Even as those reserves are being depleted, diminished surface water sources are forcing many farm districts in the region to pump their water from ever deeper levels of the underground aquifers, farm experts say.
Pumps that once brought water from 500 feet deep are now reaching as deep as 900 or even 1,500 feet, said Chase Hurley, general manager of the San Luis Canal Co., a 100-year-old water agency in Los Banos (Merced County) that represents more than 300 landowners farming 45,000 acres of irrigated crops -- mostly with water from the San Joaquin River.
"As you suck that water out of deep clay layers," Hurley said, "you not only get subsidence but changes in water quality. It's salty, and acidic, and that's not good for crops."
Additionally, groundwater pumping is creating difficult subsidence problems as the land surface in many areas is sinking -- by 4 or 5 feet or even more.
Chronic water shortages
Irrigation districts serving Central Valley farmers obtain most of their water from the Central Valley Project, whose dams and reservoirs release the water from the annual thaw of the Sierra snowpack.
But those farmers have long faced chronic water shortages, and this year the mountain snowpack has been at barely half its normal water yield. Managers of the project have warned that the irrigation districts south of the delta will be allocated only 20 percent of the water they have contracted for.
That could force farmers to pump more water out of the aquifers, which are filled by long, sustained drainage from above.
"We're losing those groundwater reserves every month, and with climate change affecting snowmelt, the risks and uncertainties are changing faster than ever," Famiglietti said. "We don't see that there'll be any replenishment in the future, so there's a critical need to improve the way we monitor and regulate groundwater systems now."
Famiglietti, who directs UC Irvine's Center for Hydrologic Monitoring, and Matthew Rodell, of NASA's Goddard Space Flight Center in Greenbelt, Md., reported on the spacecraft's underground water findings in this week's issue of the journal Science.
Satellites in action
The twin NASA satellites, named Grace, for Gravity Recovery and Climate Experiment, work together like a pair of scales in space, and their sensitive instruments detect with unprecedented accuracy, among other things, extremely small variations in Earth's gravity fields caused by changes in the mass of land underground.

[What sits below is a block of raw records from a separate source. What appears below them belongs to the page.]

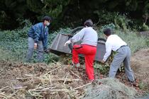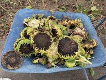 生徒会が植え育て、地域の皆さんに楽しんでいただいた「ど根性ひまわり」。中心部が枯れ黒くなってきたので刈り取りました。今後、種を取り出して保存し、来年に植える予定です。
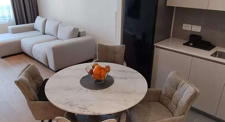 - Opremljenost: Namešteno - internet, TV, klima, veš mašina, kuhinjski elementi, sudo mašina, frižider, zamrzivač, šporet, rerna, ležaj, plakar, ugradni plakar
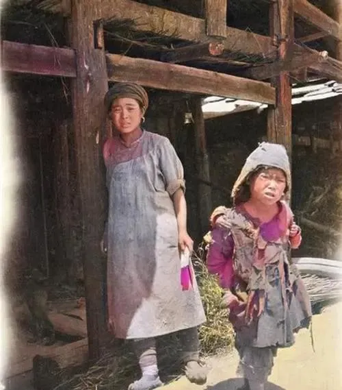 屋檐下的木梁粗糙得很,孩子的帽子歪在一边,衣服补了又补,嘴里还叼着一截草,眼睛却亮,穷,也挡不住孩子的好奇心。

So subtle are those changes that the satellites can map changes in the density of ocean water as currents shift, and the melting of the world's glaciers as their waters flow into the oceans.
The spacecraft have now found that in the past 10 years, aquifers beneath the Central Valley have lost more than 30 cubic kilometers of water a year -- nearly 10 times the volume of all the water in Lake Mead on the Colorado River, the largest reservoir in America, Famiglietti said.
The satellites have far outlived their planned five-year life span, and a follow-up Grace mission is scheduled for launch in 2017. Its planners hope a new, more advanced Grace mission can report changes in crucial groundwater levels at least weekly, instead of monthly, so water planners and regulators can manage the underground aquifers more rapidly and effectively, Famiglietti said.